Editor’s note: In this piece, TIRF Trustee Spiros Papageorgiou, Managing Senior Research Scientist in the Center for English Language Learning and Assessment at Educational Testing Service (ETS), shares information about his activities this summer.
In early July, TIRF Trustee Spiros Papageorgiou logged his longest flight ever, from Newark airport, near New York, to Hong Kong. About 8,000 miles and 16 hours later, he also had to hop on a short flight to his final destination: Guangzhou, China. This city was where China’s National Education Examinations Authority (NEEA), Guangdong University of Foreign Studies (GDUFS), and ETS and its TOEFL® program cohosted the 5th International Conference on Language Testing and Assessment.

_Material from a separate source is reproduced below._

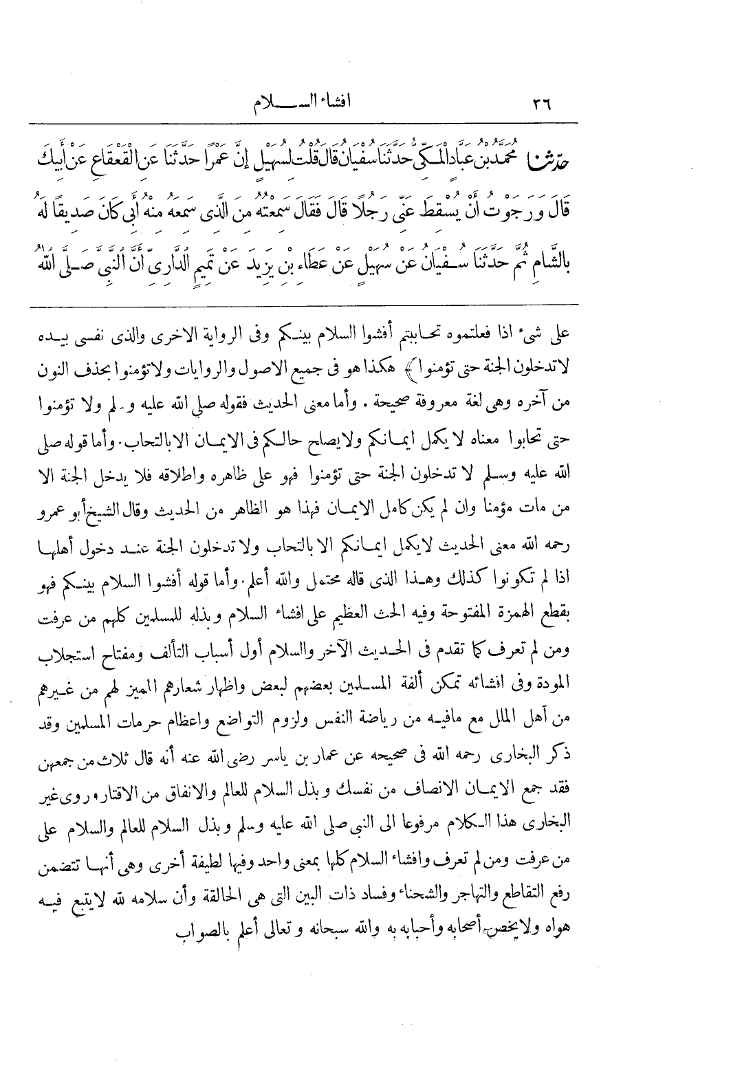 عَلَى شَيْءٍ إِذَا فَعَلْتُمُوهُ تَحَابَبْتُمْ أَفْشُوا السَّلَامَ بَيْنَكُمْ وَفِي الرِّوَايَةِ الْأُخْرَى وَالَّذِي نَفْسِي بِيَدِهِ لَا تَدْخُلُونَ الْجَنَّةَ حَتَّى تُؤْمِنُوا) هَكَذَا هُوَ فِي جَمِيعِ الْأُصُولِ وَالرِّوَايَاتِ وَلَا تُؤْمِنُوا بِحَذْفِ النُّونِ مِنْ آخِرِهِ وَهِيَ لُغَةٌ مَعْرُوفَةٌ صَحِيحَةٌ وَأَمَّا مَعْنَى الْحَدِيثِ فَقَوْلُهُ صَلَّى اللَّهُ عَلَيْهِ وَسَلَّمَ وَلَا تُؤْمِنُوا حَتَّى تَحَابُّوا مَعْنَاهُ لَا يَكْمُلُ إِيمَانُكُمْ وَلَا يَصْلُحُ حَالُكُمْ فِي الْإِيمَانِ إِلَّا بِالتَّحَابِّ وَأَمَّا قَوْلُهُ صَلَّى اللَّهُ عَلَيْهِ وسلم لاتدخلون الْجَنَّةَ حَتَّى تُؤْمِنُوا فَهُوَ عَلَى ظَاهِرِهِ وَإِطْلَاقِهِ فَلَا يَدْخُلُ الْجَنَّةَ إِلَّا مَنْ مَاتَ مُؤْمِنًا وَإِنْ لَمْ يَكُنْ كَامِلَ الْإِيمَانِ فَهَذَا هُوَ الظَّاهِرُ مِنَ الْحَدِيثِ وَقَالَ الشَّيْخُ أَبُو عَمْرٍو رَحِمَهُ اللَّهُ مَعْنَى الْحَدِيثِ لَا يَكْمُلُ إِيمَانُكُمْ إِلَّا بِالتَّحَابِّ وَلَا تَدْخُلُونَ الْجَنَّةَ عِنْدَ دُخُولِ أَهْلِهَا إِذَا لَمْ تَكُونُوا كَذَلِكَ وَهَذَا الَّذِي قَالَهُ مُحْتَمَلٌ وَاللَّهُ أَعْلَمُ وَأَمَّا قَوْلُهُ أَفْشُوا السلام بينكم فهو بقط الْهَمْزَةِ الْمَفْتُوحَةِ وَفِيهِ الْحَثُّ الْعَظِيمُ عَلَى إِفْشَاءِ السَّلَامِ وَبَذْلِهِ لِلْمُسْلِمِينَ كُلِّهِمْ مَنْ عَرَفْتَ وَمَنْ لَمْ تَعْرِفْ كَمَا تَقَدَّمَ فِي الْحَدِيثِ الْآخَرِ وَالسَّلَامُ أَوَّلُ أَسْبَابِ التَّأَلُّفِ وَمِفْتَاحُ اسْتِجْلَابِ الْمَوَدَّةِ وَفِي إِفْشَائِهِ تَمَكُّنُ أُلْفَةِ الْمُسْلِمِينَ بَعْضُهُمْ لِبَعْضٍ وَإِظْهَارُ شِعَارِهِمُ الْمُمَيِّزِ لَهُمْ مِنْ غَيْرِهِمْ مِنْ أَهْلِ الْمِلَلِ مَعَ مَا فِيهِ مِنْ رِيَاضَةِ النَّفْسِ وَلُزُومِ التَّوَاضُعِ وَإِعْظَامِ حُرُمَاتِ الْمُسْلِمِينَ وَقَدْ ذَكَرَ الْبُخَارِيُّ رَحِمَهُ اللَّهُ فِي صَحِيحِهِ عَنْ عَمَّارِ بْنِ يَاسِرٍ رَضِيَ اللَّهُ عَنْهُ أَنَّهُ قَالَ ثَلَاثٌ مَنْ جَمَعَهُنَّ فَقَدْ جَمَعَ الْإِيمَانَ الْإِنْصَافُ مِنْ نَفْسِكَ وَبَذْلُ السَّلَامِ لِلْعَالَمِ وَالْإِنْفَاقُ من الاقتار وروى غَيْرُ الْبُخَارِيِّ هَذَا الْكَلَامَ مَرْفُوعًا إِلَى النَّبِيِّ صَلَّى اللَّهُ عَلَيْهِ وَسَلَّمَ وَبَذْلُ السَّلَامِ لِلْعَالَمِ وَالسَّلَامُ عَلَى مَنْ عَرَفْتَ وَمَنْ لَمْ تَعْرِفْ وَإِفْشَاءُ السَّلَامِ كُلُّهَا بِمَعْنَى وَاحِدٍ وَفِيهَا لَطِيفَةٌ أُخْرَى وَهِيَ أَنَّهَا تَتَضَمَّنُ رَفْعَ التَّقَاطُعِ وَالتَّهَاجُرِ وَالشَّحْنَاءِ وَفَسَادِ ذَاتِ الْبَيْنِ الَّتِي هِيَ الْحَالِقَةُ وَأَنَّ سَلَامَهُ لِلَّهِ لَا يَتْبَعُ فِيهِ هَوَاهُ وَلَا يَخُصُّ أَصْحَابَهُ وَأَحْبَابَهُ بِهِ وَاللَّهُ سُبْحَانَهُ وَتَعَالَى أَعْلَمُ بِالصَّوَابِ

The International Conference on Language Testing and Assessment is an annual event in China, aiming to provide a platform for Chinese researchers, exams organizations, and policy makers to exchange ideas and views on foreign language teaching, learning, and testing. This year’s event was held on the campus of GDUFS, joining the inaugural meeting of the China Association for Language Testing and Assessment (CALTA).
The location of the conference and the inaugural meeting of CALTA was symbolic, as the first MA program in Applied Linguistics in China was launched there some 40 years earlier, in 1978. In 2010, the journal Language Assessment Quarterly hosted an interview with a GDUFS professor emeritus, Gui Shichun, who is considered by many to be the founding father of modern language testing in China. Another GDUFS professor, Liu Jianda, was elected president of CALTA during the conference.

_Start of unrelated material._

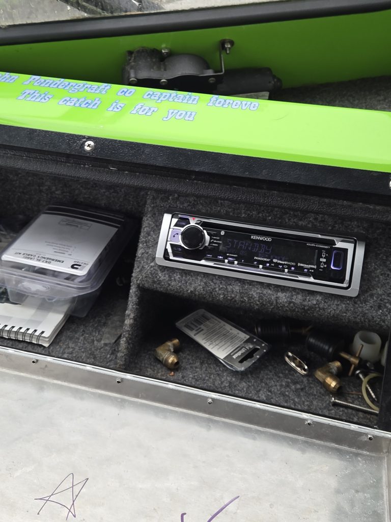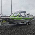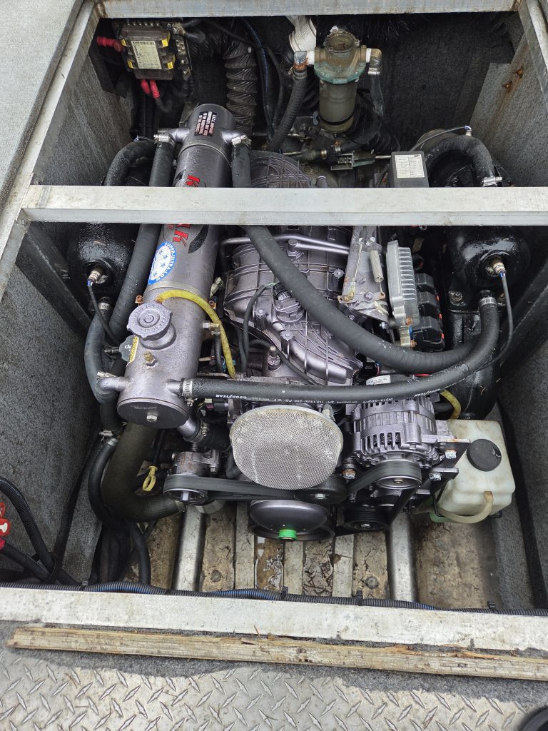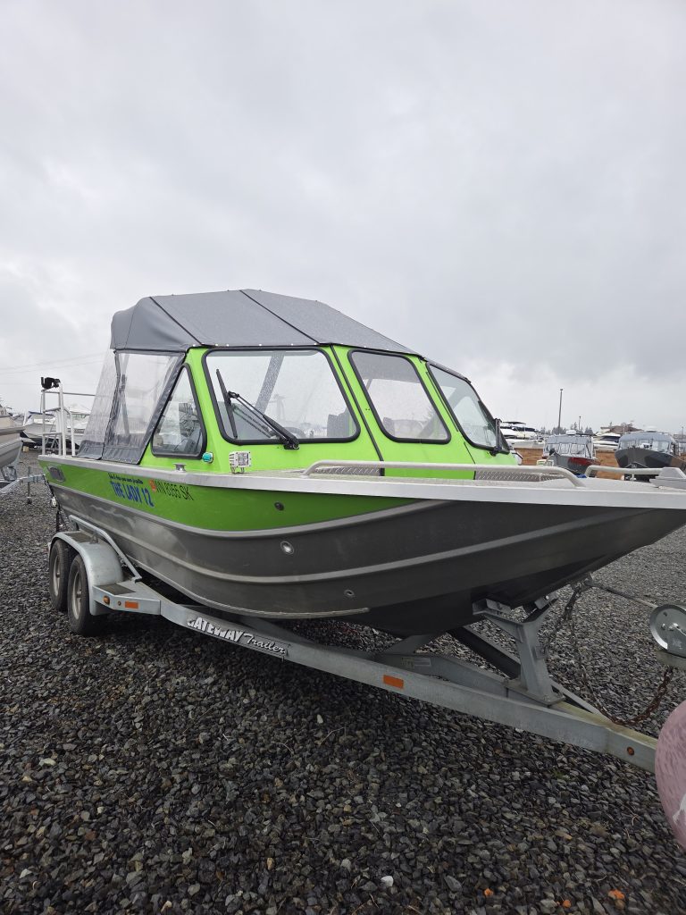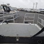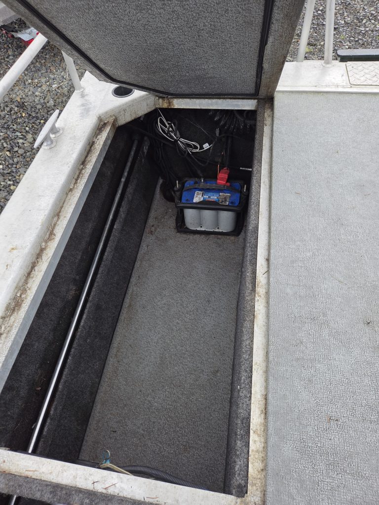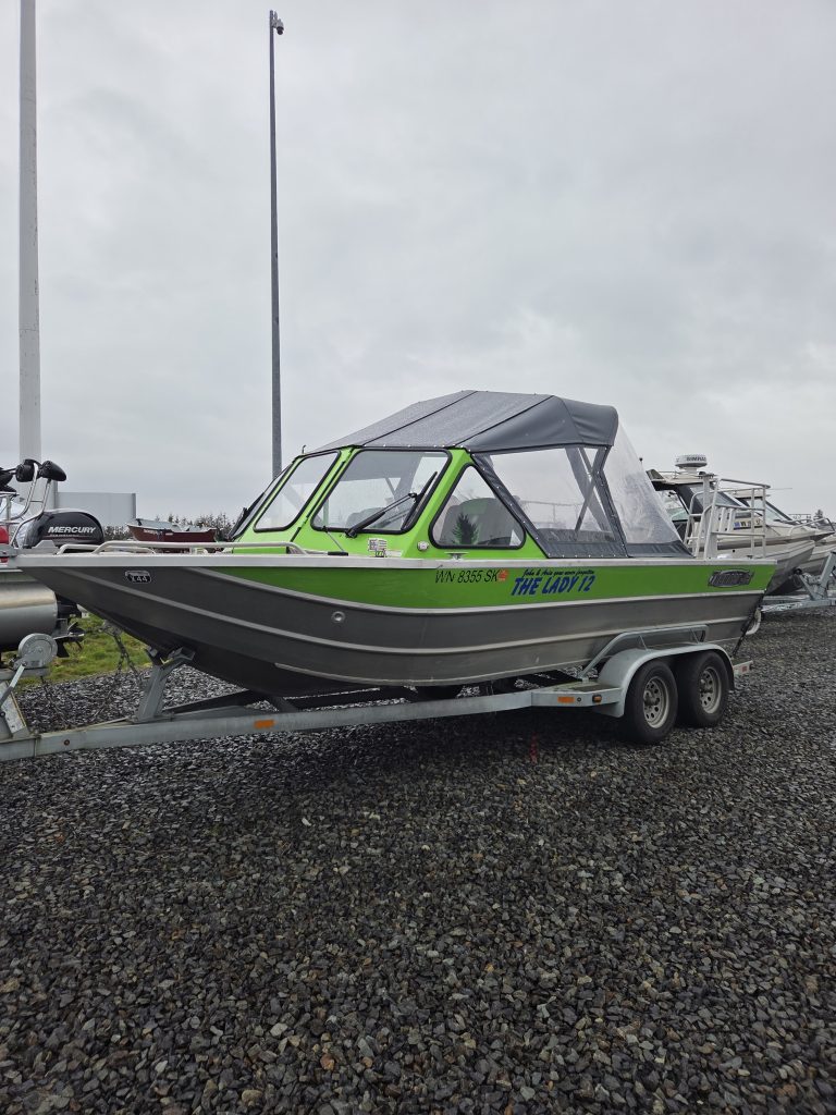 Fishing Equipment: Comes with welded 32″ wrap-around stern rails, six welded rod holders, and a locking transom fish box with a diamond lid.

Spiros and his ETS colleague (and former TIRF Grantee) Ching-Ni Hsieh engaged in several professional activities at the conference. These two ETS colleagues have been collaborating during the past two years with NEEA staff and researchers from various institutions in China to explore the alignment of TOEFL iBT® scores to the levels of China’s Standard of English Language Ability (CSE). The CSE and the efforts around it are aimed at promoting foreign language education in China and were of particular interest to conference attendees. Spiros and Ching-Ni conducted a one-day pre-conference workshop on the process of aligning test scores to language proficiency frameworks and standards, and presented papers on the same topic during a symposium with NEEA staff and CSE project team members.

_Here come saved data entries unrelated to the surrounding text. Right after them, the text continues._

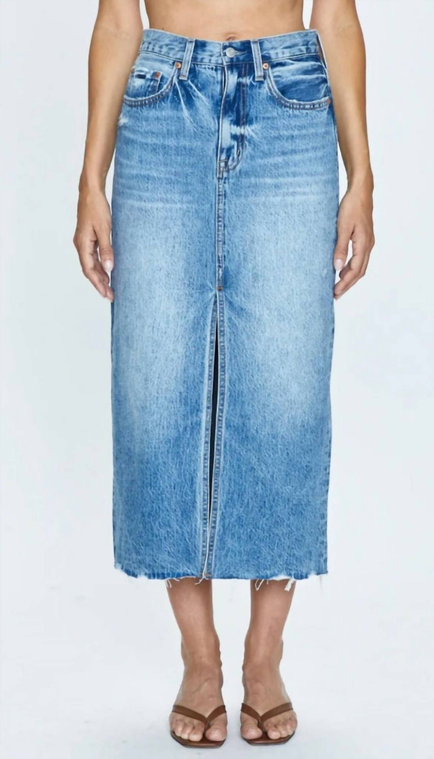 Tuck your favorite tee into this midi length skirt for an effortlessly cool look. Meet the Alice Midi Skirt by PISTOLA, a statement piece in Portrait Vintage, designed with an elongated midi length for sophistication and style. This skirt is crafted from 100% cotton rigid denim, offering a classic medium blue wash with vintage-inspired fading and whiskering. Its thoughtful design features a five-pocket layout and a scissor-cut hem, complemented by a convenient front slit for ease of movement. Closure: Zip closure. Care: Machine wash cold, tumble dry. Length: 37 inches.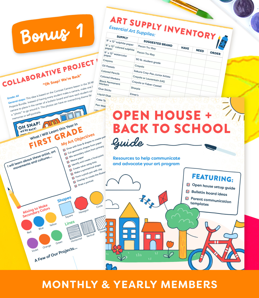 • Instant Access to all 9 EASE Curriculum Lesson Bundles (72 art lessons + coordinating resources)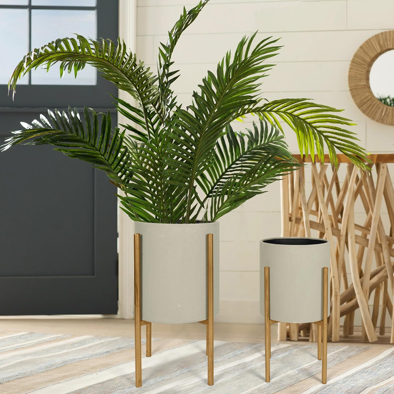 Oakrain Plants Pots with Stand, Set of 2 Planters for Indoor Plants, Modern Decorative Metal Flower Pots for Living Room, Garden, Balcony, 10"&12", Cement Gray Frosted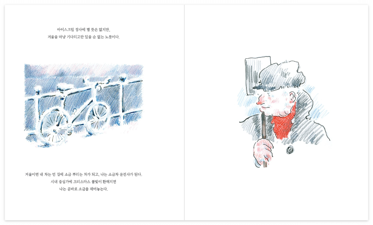 그는 여름이면 트럭을 몰고 나가 아이스크림을 팔고,

Spiros also had the opportunity to talk to CALTA members about TIRF and its mission, and promote the TIRF-Routledge “Global Research on Teaching and Learning English” book series. The most recent book in the series, Global Perspectives on Language Assessment: Research, Theory, and Practice, co-edited by Spiros and TIRF Chair Kathi Bailey, attracted the interest of several CALTA members, as it contains chapters related to assessment in the Chinese educational context.